▸ **Data**
####################
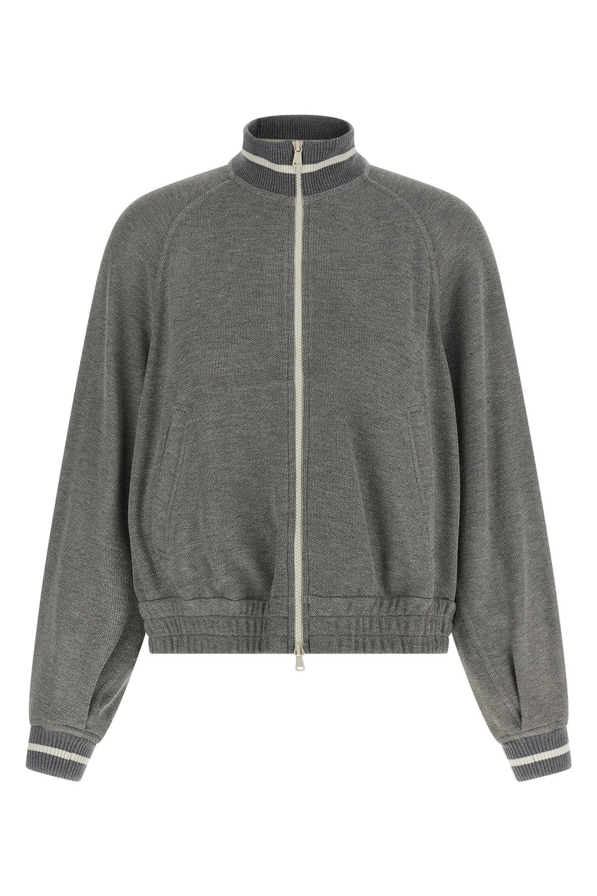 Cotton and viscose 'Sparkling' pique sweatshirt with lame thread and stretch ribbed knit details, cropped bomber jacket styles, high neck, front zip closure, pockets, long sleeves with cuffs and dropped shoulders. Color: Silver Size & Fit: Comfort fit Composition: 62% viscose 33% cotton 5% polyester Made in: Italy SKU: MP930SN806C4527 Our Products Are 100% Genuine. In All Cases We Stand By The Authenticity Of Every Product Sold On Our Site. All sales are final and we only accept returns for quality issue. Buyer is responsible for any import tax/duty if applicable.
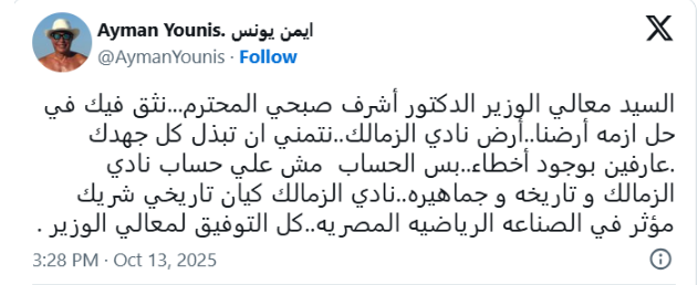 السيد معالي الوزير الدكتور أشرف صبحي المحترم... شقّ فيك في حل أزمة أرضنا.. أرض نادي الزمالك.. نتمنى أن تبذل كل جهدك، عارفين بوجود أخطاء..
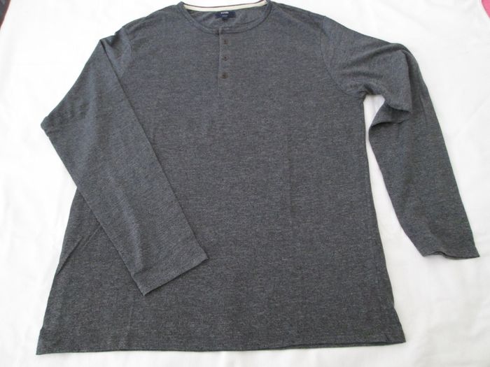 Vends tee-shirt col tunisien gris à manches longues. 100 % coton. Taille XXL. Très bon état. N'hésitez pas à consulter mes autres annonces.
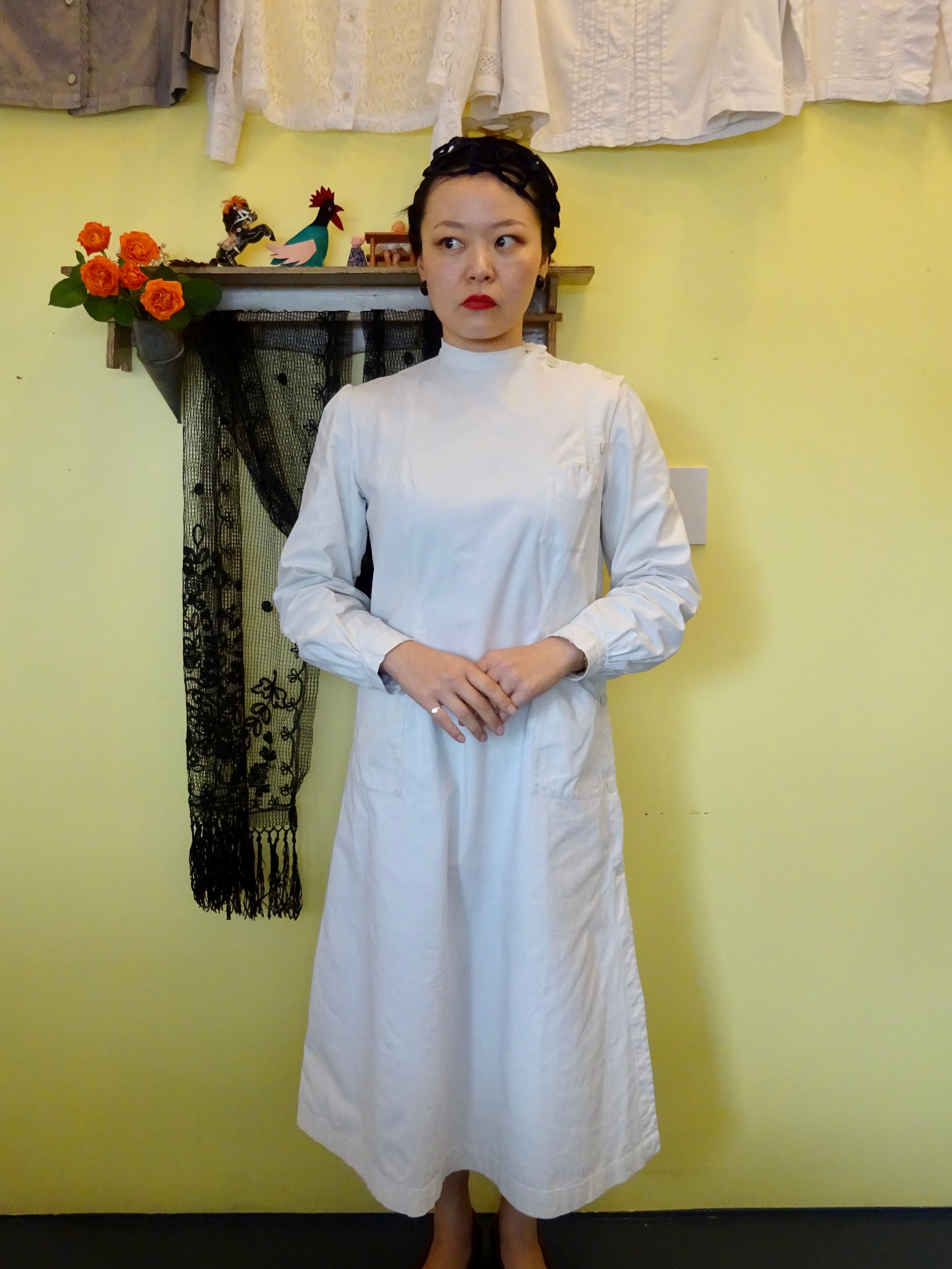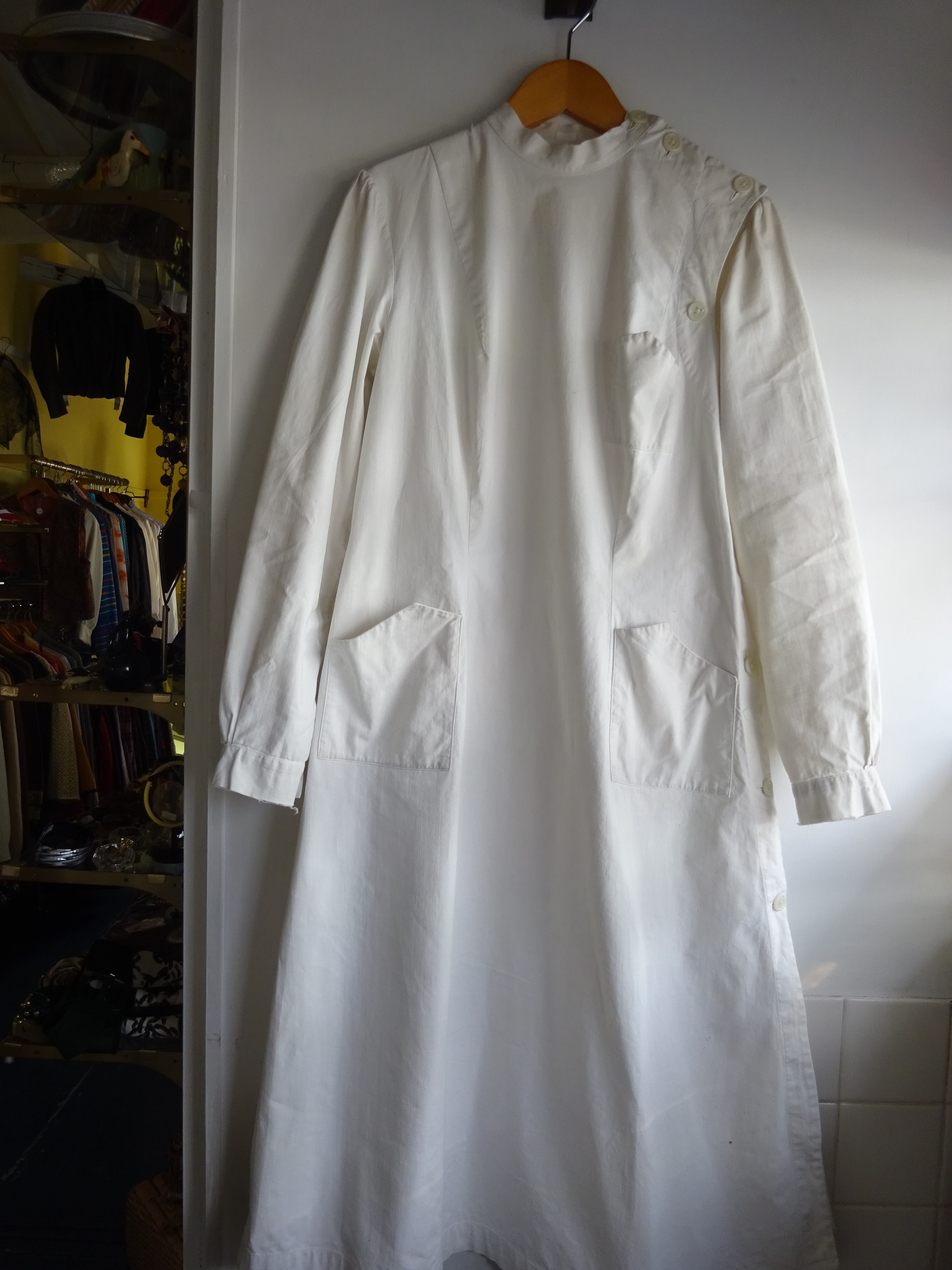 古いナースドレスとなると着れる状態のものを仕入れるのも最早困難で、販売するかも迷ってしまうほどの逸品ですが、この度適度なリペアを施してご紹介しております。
####################
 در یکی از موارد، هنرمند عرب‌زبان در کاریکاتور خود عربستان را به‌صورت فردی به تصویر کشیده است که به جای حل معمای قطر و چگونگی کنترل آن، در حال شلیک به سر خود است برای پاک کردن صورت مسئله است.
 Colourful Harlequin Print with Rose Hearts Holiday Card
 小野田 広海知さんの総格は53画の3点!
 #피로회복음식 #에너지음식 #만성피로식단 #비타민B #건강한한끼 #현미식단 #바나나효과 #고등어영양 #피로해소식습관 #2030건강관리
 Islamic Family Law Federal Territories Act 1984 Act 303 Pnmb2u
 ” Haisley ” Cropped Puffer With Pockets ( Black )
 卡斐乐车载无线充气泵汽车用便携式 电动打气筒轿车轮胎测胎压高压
####################
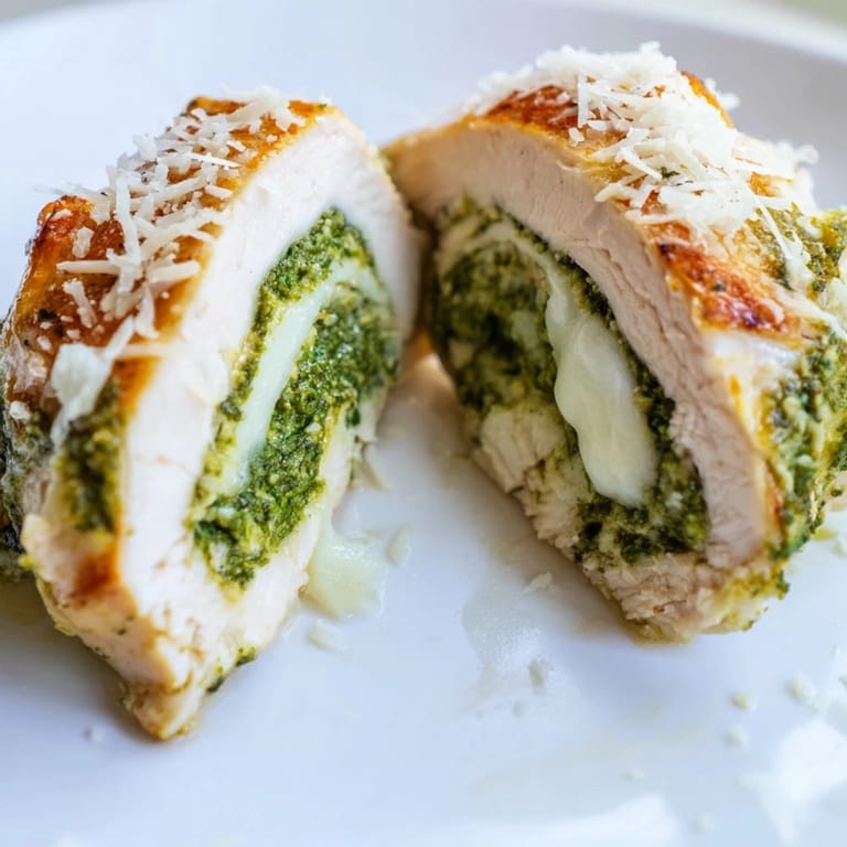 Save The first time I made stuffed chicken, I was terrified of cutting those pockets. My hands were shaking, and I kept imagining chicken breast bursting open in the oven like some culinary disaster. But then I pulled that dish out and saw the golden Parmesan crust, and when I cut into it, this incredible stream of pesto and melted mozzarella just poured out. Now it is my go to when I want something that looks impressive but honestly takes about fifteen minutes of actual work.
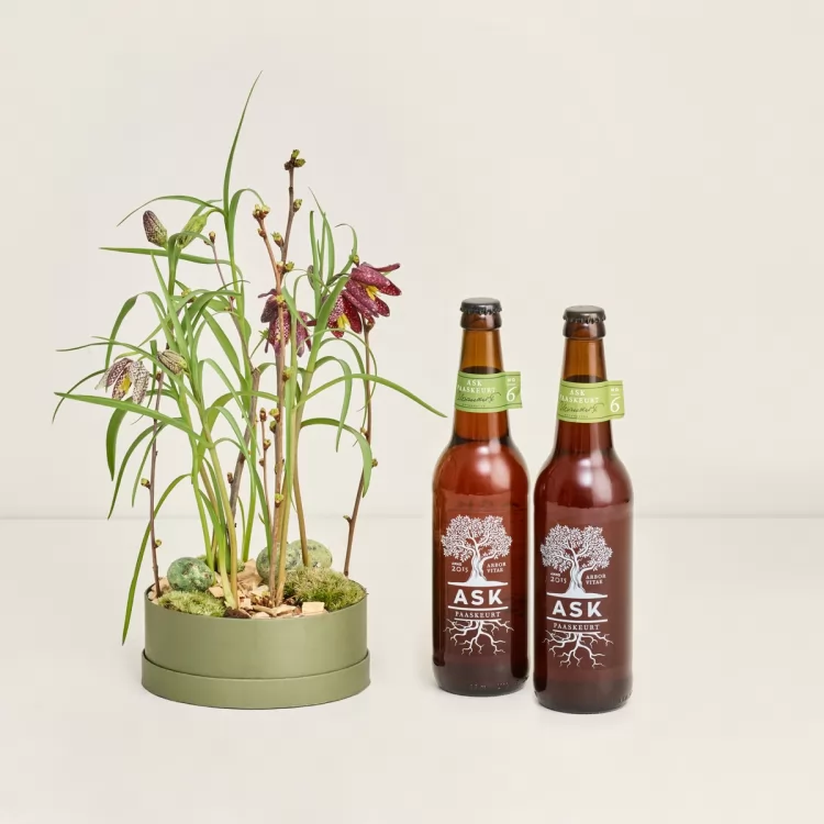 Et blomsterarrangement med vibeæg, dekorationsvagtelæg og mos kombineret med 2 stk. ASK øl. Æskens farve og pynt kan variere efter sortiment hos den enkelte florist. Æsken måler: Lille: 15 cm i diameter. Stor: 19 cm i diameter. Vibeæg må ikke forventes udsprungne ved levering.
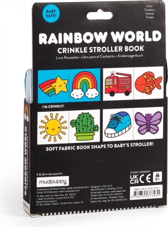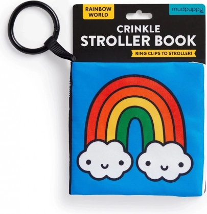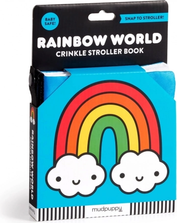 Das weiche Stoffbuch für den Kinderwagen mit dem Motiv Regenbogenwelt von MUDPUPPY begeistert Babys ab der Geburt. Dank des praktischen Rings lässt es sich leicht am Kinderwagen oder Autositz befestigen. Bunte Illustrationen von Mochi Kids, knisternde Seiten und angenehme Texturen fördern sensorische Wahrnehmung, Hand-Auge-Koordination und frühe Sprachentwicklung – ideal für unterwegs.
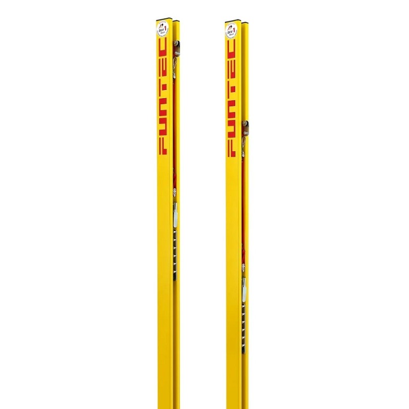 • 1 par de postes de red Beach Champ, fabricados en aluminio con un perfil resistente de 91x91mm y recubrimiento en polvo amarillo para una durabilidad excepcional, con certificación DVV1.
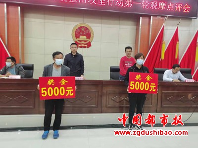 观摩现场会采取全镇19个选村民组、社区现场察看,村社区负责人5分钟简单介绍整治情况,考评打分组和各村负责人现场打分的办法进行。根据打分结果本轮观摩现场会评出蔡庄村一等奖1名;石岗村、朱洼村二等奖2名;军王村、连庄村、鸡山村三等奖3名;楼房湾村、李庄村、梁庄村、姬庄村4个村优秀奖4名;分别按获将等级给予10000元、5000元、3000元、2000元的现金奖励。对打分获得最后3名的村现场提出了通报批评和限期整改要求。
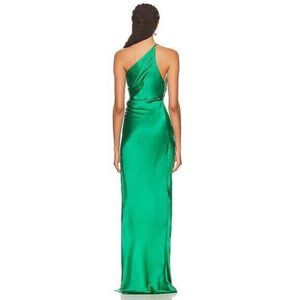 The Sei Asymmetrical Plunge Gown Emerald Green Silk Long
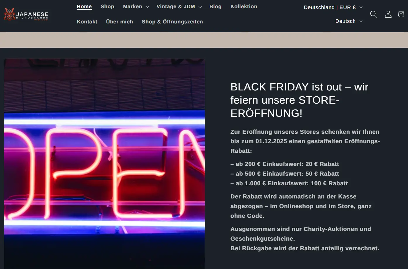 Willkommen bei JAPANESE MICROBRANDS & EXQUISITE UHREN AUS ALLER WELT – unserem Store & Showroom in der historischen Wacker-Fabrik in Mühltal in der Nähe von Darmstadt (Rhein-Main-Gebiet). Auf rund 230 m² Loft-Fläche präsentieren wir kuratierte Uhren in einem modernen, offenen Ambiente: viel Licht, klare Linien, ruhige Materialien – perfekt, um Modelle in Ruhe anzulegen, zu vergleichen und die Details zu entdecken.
####################
▸ **Work task**
With the pictures omitted, restate word for word the lines above from the line that has "con certificación DVV1." up to and including the line that has "Willkommen bei JAPANESE", and no other lines.

▸ **Task answer**
 • 1 par de postes de red Beach Champ, fabricados en aluminio con un perfil resistente de 91x91mm y recubrimiento en polvo amarillo para una durabilidad excepcional, con certificación DVV1.
 观摩现场会采取全镇19个选村民组、社区现场察看,村社区负责人5分钟简单介绍整治情况,考评打分组和各村负责人现场打分的办法进行。根据打分结果本轮观摩现场会评出蔡庄村一等奖1名;石岗村、朱洼村二等奖2名;军王村、连庄村、鸡山村三等奖3名;楼房湾村、李庄村、梁庄村、姬庄村4个村优秀奖4名;分别按获将等级给予10000元、5000元、3000元、2000元的现金奖励。对打分获得最后3名的村现场提出了通报批评和限期整改要求。
 The Sei Asymmetrical Plunge Gown Emerald Green Silk Long
 Willkommen bei JAPANESE MICROBRANDS & EXQUISITE UHREN AUS ALLER WELT – unserem Store & Showroom in der historischen Wacker-Fabrik in Mühltal in der Nähe von Darmstadt (Rhein-Main-Gebiet). Auf rund 230 m² Loft-Fläche präsentieren wir kuratierte Uhren in einem modernen, offenen Ambiente: viel Licht, klare Linien, ruhige Materialien – perfekt, um Modelle in Ruhe anzulegen, zu vergleichen und die Details zu entdecken.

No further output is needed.